Inconsistency in Allocs reported by track-allocs vs BenchmarkTools

Spuriosity1 · June 24, 2024, 10:57pm

I have tried to write a low-overhead function that adds a number of Lorentzian peaks to a grid of intensities. When run under @benchmark, it reports “0 allocations”, but when run within my program, I get a large number of allocations reported inside this functions:

        - # puts Lorentzians of weights Snm at energies Enm
        - function broadened_peaks!(
        - 	Sqω::Union{Vector{ComplexF64}, Vector{Float64}},
        - 	Snm::Union{Matrix{ComplexF64}, Matrix{Float64}},
        - 	Enm::Matrix{Float64},
        - 	Egrid::Vector{Float64},
        - 	dE::Float64
        - 	)
        - 
  4476632 	for (E,S) in zip(Enm,Snm)
192964896 		for (i,e) in enumerate(Egrid)
690203472 			Sqω[i] += S*Lorentzian(e-E, dE)
884581976 		end
 12304264 	end
        - end

Why are such high allocations being reported here?

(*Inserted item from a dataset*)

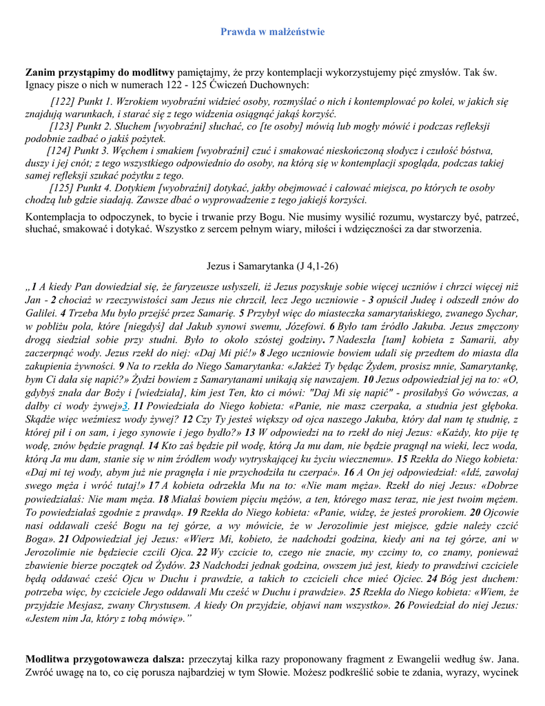 Prawda w małżeństwie Zanim przystąpimy do modlitwy pamiętajmy, że przy kontemplacji wykorzystujemy pięć zmysłów. Tak św. Ignacy pisze o nich w numerach 122 - 125 Ćwiczeń Duchownych: [122] Punkt 1. Wzrokiem wyobraźni widzieć osoby, rozmyślać o nich i kontemplować po kolei, w jakich się znajdują warunkach, i starać się z tego widzenia osiągnąć jakąś korzyść. [123] Punkt 2. Słuchem [wyobraźni] słuchać, co [te osoby] mówią lub mogły mówić i podczas refleksji podobnie zadbać o jakiś pożytek. [124] Punkt 3. Węchem i smakiem [wyobraźni] czuć i smakować nieskończoną słodycz i czułość bóstwa, duszy i jej cnót; z tego wszystkiego odpowiednio do osoby, na którą się w kontemplacji spogląda, podczas takiej samej refleksji szukać pożytku z tego. [125] Punkt 4. Dotykiem [wyobraźni] dotykać, jakby obejmować i całować miejsca, po których te osoby chodzą lub gdzie siadają. Zawsze dbać o wyprowadzenie z tego jakiejś korzyści. Kontemplacja to odpoczynek, to bycie i trwanie przy Bogu. Nie musimy wysilić rozumu, wystarczy być, patrzeć, słuchać, smakować i dotykać. Wszystko z sercem pełnym wiary, miłości i wdzięczności za dar stworzenia. Jezus i Samarytanka (J 4,1-26) „1 A kiedy Pan dowiedział się, że faryzeusze usłyszeli, iż Jezus pozyskuje sobie więcej uczniów i chrzci więcej niż Jan - 2 chociaż w rzeczywistości sam Jezus nie chrzcił, lecz Jego uczniowie - 3 opuścił Judeę i odszedł znów do Galilei. 4 Trzeba Mu było przejść przez Samarię. 5 Przybył więc do miasteczka samarytańskiego, zwanego Sychar, w pobliżu pola, które [niegdyś] dał Jakub synowi swemu, Józefowi. 6 Było tam źródło Jakuba. Jezus zmęczony drogą siedział sobie przy studni. Było to około szóstej godziny. 7 Nadeszła [tam] kobieta z Samarii, aby zaczerpnąć wody. Jezus rzekł do niej: «Daj Mi pić!» 8 Jego uczniowie bowiem udali się przedtem do miasta dla zakupienia żywności. 9 Na to rzekła do Niego Samarytanka: «Jakżeż Ty będąc Żydem, prosisz mnie, Samarytankę, bym Ci dała się napić?» Żydzi bowiem z Samarytanami unikają się nawzajem. 10 Jezus odpowiedział jej na to: «O, gdybyś znała dar Boży i [wiedziała], kim jest Ten, kto ci mówi: "Daj Mi się napić" - prosiłabyś Go wówczas, a dałby ci wody żywej»3. 11 Powiedziała do Niego kobieta: «Panie, nie masz czerpaka, a studnia jest głęboka. Skądże więc weźmiesz wody żywej? 12 Czy Ty jesteś większy od ojca naszego Jakuba, który dał nam tę studnię, z której pił i on sam, i jego synowie i jego bydło?» 13 W odpowiedzi na to rzekł do niej Jezus: «Każdy, kto pije tę wodę, znów będzie pragnął. 14 Kto zaś będzie pił wodę, którą Ja mu dam, nie będzie pragnął na wieki, lecz woda, którą Ja mu dam, stanie się w nim źródłem wody wytryskającej ku życiu wiecznemu». 15 Rzekła do Niego kobieta: «Daj mi tej wody, abym już nie pragnęła i nie przychodziła tu czerpać». 16 A On jej odpowiedział: «Idź, zawołaj swego męża i wróć tutaj!» 17 A kobieta odrzekła Mu na to: «Nie mam męża». Rzekł do niej Jezus: «Dobrze powiedziałaś: Nie mam męża. 18 Miałaś bowiem pięciu mężów, a ten, którego masz teraz, nie jest twoim mężem. To powiedziałaś zgodnie z prawdą». 19 Rzekła do Niego kobieta: «Panie, widzę, że jesteś prorokiem. 20 Ojcowie nasi oddawali cześć Bogu na tej górze, a wy mówicie, że w Jerozolimie jest miejsce, gdzie należy czcić Boga». 21 Odpowiedział jej Jezus: «Wierz Mi, kobieto, że nadchodzi godzina, kiedy ani na tej górze, ani w Jerozolimie nie będziecie czcili Ojca. 22 Wy czcicie to, czego nie znacie, my czcimy to, co znamy, ponieważ zbawienie bierze początek od Żydów. 23 Nadchodzi jednak godzina, owszem już jest, kiedy to prawdziwi czciciele będą oddawać cześć Ojcu w Duchu i prawdzie, a takich to czcicieli chce mieć Ojciec. 24 Bóg jest duchem: potrzeba więc, by czciciele Jego oddawali Mu cześć w Duchu i prawdzie». 25 Rzekła do Niego kobieta: «Wiem, że przyjdzie Mesjasz, zwany Chrystusem. A kiedy On przyjdzie, objawi nam wszystko». 26 Powiedział do niej Jezus: «Jestem nim Ja, który z tobą mówię».” Modlitwa przygotowawcza dalsza: przeczytaj kilka razy proponowany fragment z Ewangelii według św. Jana. Zwróć uwagę na to, co cię porusza najbardziej w tym Słowie. Możesz podkreślić sobie te zdania, wyrazy, wycinek tekstu. Pamiętaj, żeby słuchać sercem, zapamiętywać to, co zaczęło do ciebie przemawiać. Możesz przeczytać punkta, zaznaczyć te, które cię na ten czas poruszają. Pamiętaj jednak, że "Nie ilość wiedzy, ale wewnętrzne odczuwanie i smakowanie rzeczy zadowala i nasyca duszę"-ĆD 2, więc nie "szukajmy" wielu treści, nieraz jedno słowo wystarczająco do nas przemówi. Modlitwa przygotowawcza zwyczajna: w wybranym miejscu i pozycji zacznij od znaku Krzyża, trzeba mieć świadomość, że stajemy przed Bogiem, przed całym Jego miłosierdziem, pozwól, by Jego łaska w nas działała – być mógł widzieć, słyszeć, czuć i dotykać – być uczestnikiem w sceny z Ewangelii. Prośba o właściwą intencję: Następnie Ignacy proponuje modlitwę z 46 numeru Ćwiczeń Duchownych: Prosić Boga, Pana naszego, aby wszystkie moje zamiary, decyzje i czyny były skierowane w sposób czysty do służby i chwały Jego Boskiego Majestatu (ĆD 46). Wyobrażenie sobie miejsca: wyobraź sobie, że jesteś razem z Jezusem i Samarytanką, usłysz głos Jezusa, postawę Jego i kobiety, zobacz studnię, przy której Jezus siedzi, dzban, który ma Samarytanka. Prośba o owoc kontemplacji: abym potrafił pielęgnować prawdę w moim małżeństwie – abym był nie tylko prawdziwy, szczery wobec mojego współmałżonka, ale i dopuszczał go do prawdy o mnie samym. 1. „Daj mi pić!” – Jezus wprost mówi Samarytance o swojej potrzebie/pragnieniu. Nie zataja tej potrzeby, nie mówi „naokoło”, nie liczy, że kobie

abraemer · June 25, 2024, 6:18pm

This is likely due to compilation.

That’s why the manual recommends running the workload once and then using Profile.clear_malloc_data() to reset the counters.

Spuriosity1 · June 25, 2024, 11:18pm

Sorry, I don’t understand - shouldn’t compilation be a ‘run once’ operation? Does this mean that for whatever reason, broadened_peaks! is being recompiled at every iteration?

For further context, this was not run in the REPL - there is a driver script that in essence just calls this function several million times. I also tested with different numbers of repetitions - the number of allocations changes depending on the number of repetitions.

ufechner7 · June 25, 2024, 11:48pm

Are you sure BenchmarkTools calls your function with the same combination of parameter types as when executed by your driver?

Spuriosity1 · June 26, 2024, 12:16am

I’ve tested for all four possible combinations of types under BenchmarkTools - one gives InexactError, the other three show zero allocations.

To be extra sure, I rewrote two methods without using any Union types, several billion allocations are still being associated with this function call.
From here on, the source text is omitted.